Labels: disaster planning, emergency management planning, provision of public services, regulation/regulatory policy, risk management and redundancy, utility infrastructure, utility regulation, water supply and use
4 Comments:
NBC 5 Dallas-Fort Worth: ERCOT CEO Worries $150 “Easy Out” for Gas Companies Could Threaten Grid.
https://www.nbcdfw.com/investigations/ercot-ceo-worries-150-easy-out-for-gas-companies-could-threaten-grid/2819056/
This article has a different take, that there will be plenty of energy so long as weather conditions are normal (not extreme).
Community Impact Newspaper: ERCOT: Texas power grid ready for expected winter demand.

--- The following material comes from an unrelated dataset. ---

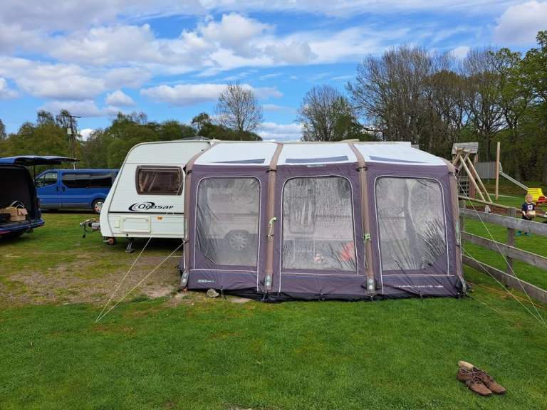Fantastic Awning which we have sadly not really used. It is approximately 4m long and includes a manual (hand) pump to inflate the structure. Please note, there is no ground sheet. No offers please, I paid £350 (second hand) and have used it twice.

https://communityimpact.com/austin/central-austin/weather/2021/11/22/ercot-texas-power-grid-ready-for-expected-winter-demand/
KSAT San Antonio: “People should probably be worried”: Texas hasn’t done enough to prevent another winter blackout, experts say.
https://www.ksat.com/news/texas/2021/11/29/people-should-probably-be-worried-texas-hasnt-done-enough-to-prevent-another-winter-blackout-experts-say/
For clean and green energy requirement, Texas can rely on solar and wind energy. These natural sources of energy will help in energy production at a lower cost. For energy crisis around the world we need renewable energy investing.